Hacker News new | ask | show | jobs
by smoldesu 1156 days ago
> What do y'all think about these types of exploits

They're not really exploits at all. OpenAI doesn't categorize them as issues, if you sent this to their bounty program it would be rejected.

> will LLM's always be vulnerable to this sort of attack?

Until they stop getting trained on sensitive/potentially harmful information, I'd wager yes.

1 comments

well, better tell them anyhow: I just did
and this is their response, so you were perfectly right

____________________

Hello!

Thank you for your submission.

OpenAI is committed to making AI safe and useful for everyone. Before releasing a new system, we thoroughly test it, get expert feedback, improve its behavior, and set up safety measures. While we work hard to prevent risks, we can't predict every way people will use or misuse our technology in the real world.

Model safety issues do not fit well within a bug bounty program, as they are not individual, discrete bugs that can be directly fixed. Addressing these issues often involves substantial research and a broader approach. To ensure that these concerns are properly addressed, please report them using the appropriate form, rather than submitting them through the bug bounty program. Reporting them in the right place allows our researchers to use these reports to improve the model.

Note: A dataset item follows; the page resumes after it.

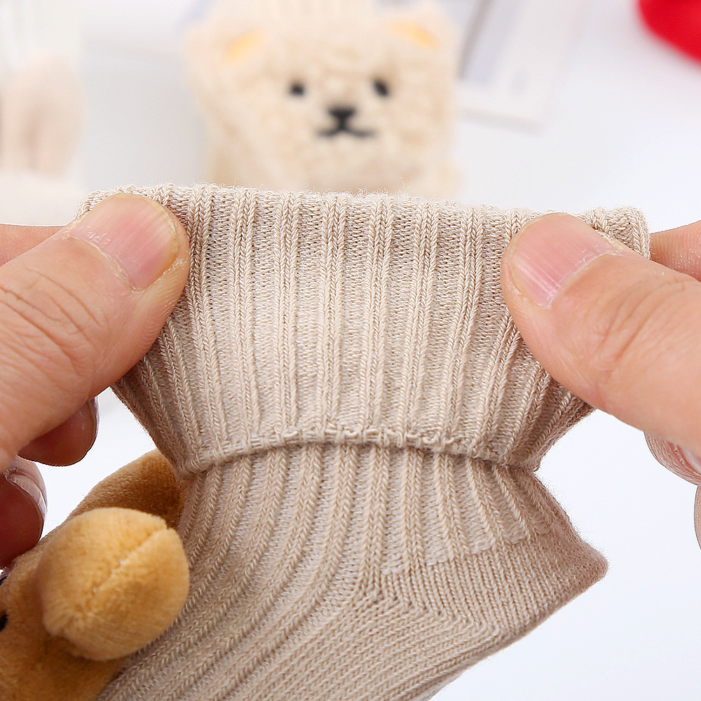 INS 더블 바늘 만화 아기 양말 0-1-3 세 접착제 미끄럼 방지 유아 양말 신생아 아기 중간 튜브 양말 비축 발
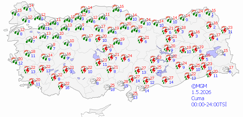 Türkiye, 1 Mayıs Cuma gününden itibaren batı bölgelerinden başlayarak serin ve yağışlı havanın etkisine giriyor. Meteoroloji Genel Müdürlüğünden yapılan değerlendirmelere göre, hava sıcaklıklarının hissedilir derecede azalarak mevsim normallerinin altına düşeceği tahmin ediliyor.

Issues related to the content of model prompts and responses are strictly out of scope, and will not be rewarded unless they have an additional directly verifiable security impact on an in-scope service (described below).

Examples of safety issues which are out of scope:

• Jailbreaks/Safety Bypasses (e.g. DAN and related prompts)

• Getting the model to say bad things to you

• Getting the model to tell you how to do bad things

• Getting the model to write malicious code for you Model Hallucinations:

• Getting the model to pretend to do bad things

• Getting the model to pretend to give you answers to secrets

• Getting the model to pretend to be a computer and execute code

Best regards, Jake

Additional submission-specific information:

The report contains a dangerous and inappropriate conversation where the model provides instructions on how to create napalm, which is a harmful substance.